■ **Exercise brief**:
Copy down the listing below exactly. Do not include pictures.

■ **Supplied data**:
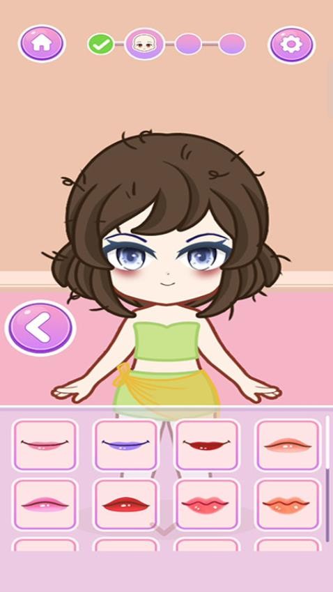 3、自定义化妆风格,为卡通娃娃选择不同的妆容和唇色,打造时尚妆容;
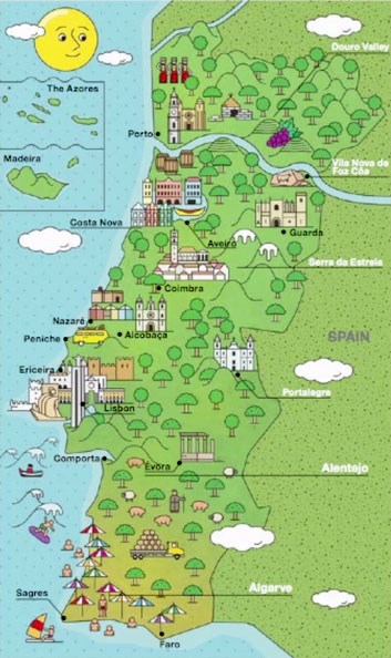 À medida que as várias regiões do país são apresentadas (em falta está informação sobre os arquipélagos da Madeira e dos Açores), o trabalho do ilustrador — que conhecemos em 2012 aquando da sua greve de fome por um trabalho — vai aparecendo em pequenos pormenores. Doçaria conventual e cortiça no Alentejo, o cão de água e as típicas açoteias no Algarve, as tripas à moda do Porto e o vinho verde do Minho são alguns dos pormenores. Na última página, um roteiro nacional em seis desenhos: dos mercados tradicionais de frescos aos ovos moles aveirenses, há ainda tempo para a saudade do fado e passeios pela natureza — a Costa Vicentina aqui em destaque.
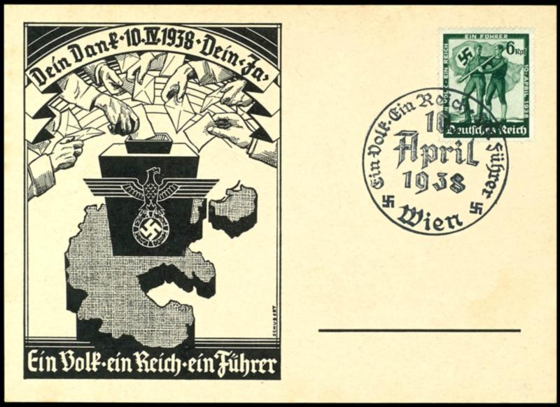 1938, \Your Thanks to, Your yes, 10.4.1938, a people, a Reich, a leader\. decorative Commemorative postcard to the Reichstag election franked with number 663 and appropriate special cancel 1938, \Dein Dank, dein Ja, 10.4.1938, ein Volk, ein Reich, ein Führer\. Dekorative Gedenkpostkarte zur Reichstagswahl frankiert mit Nr.663 und entsprechendem Sonderstempel (Image)
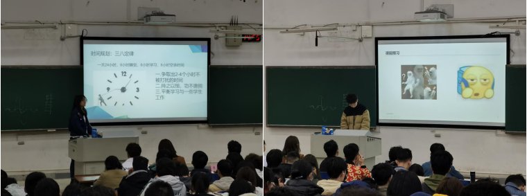 接下来大一年级朱萧晓同学和张涵宇同学在学习方面为同学们提供了诸多经验与心得。首先是时间规划方面,他们提出要合理利用平时的碎片时间,并做到持之以恒,功不唐捐;其次是学习环境方面,他们建议同学们学习时关闭手机,并及时清理桌面,为自己营造良好的学习氛围;最后是学习心态方面,他们鼓励大家专注学习的同时也要适当放松,及时调整心态。

■ **Response to this exercise**:
 3、自定义化妆风格,为卡通娃娃选择不同的妆容和唇色,打造时尚妆容;
 À medida que as várias regiões do país são apresentadas (em falta está informação sobre os arquipélagos da Madeira e dos Açores), o trabalho do ilustrador — que conhecemos em 2012 aquando da sua greve de fome por um trabalho — vai aparecendo em pequenos pormenores. Doçaria conventual e cortiça no Alentejo, o cão de água e as típicas açoteias no Algarve, as tripas à moda do Porto e o vinho verde do Minho são alguns dos pormenores. Na última página, um roteiro nacional em seis desenhos: dos mercados tradicionais de frescos aos ovos moles aveirenses, há ainda tempo para a saudade do fado e passeios pela natureza — a Costa Vicentina aqui em destaque.
 1938, \Your Thanks to, Your yes, 10.4.1938, a people, a Reich, a leader\. decorative Commemorative postcard to the Reichstag election franked with number 663 and appropriate special cancel 1938, \Dein Dank, dein Ja, 10.4.1938, ein Volk, ein Reich, ein Führer\. Dekorative Gedenkpostkarte zur Reichstagswahl frankiert mit Nr.663 und entsprechendem Sonderstempel (Image)
 接下来大一年级朱萧晓同学和张涵宇同学在学习方面为同学们提供了诸多经验与心得。首先是时间规划方面,他们提出要合理利用平时的碎片时间,并做到持之以恒,功不唐捐;其次是学习环境方面,他们建议同学们学习时关闭手机,并及时清理桌面,为自己营造良好的学习氛围;最后是学习心态方面,他们鼓励大家专注学习的同时也要适当放松,及时调整心态。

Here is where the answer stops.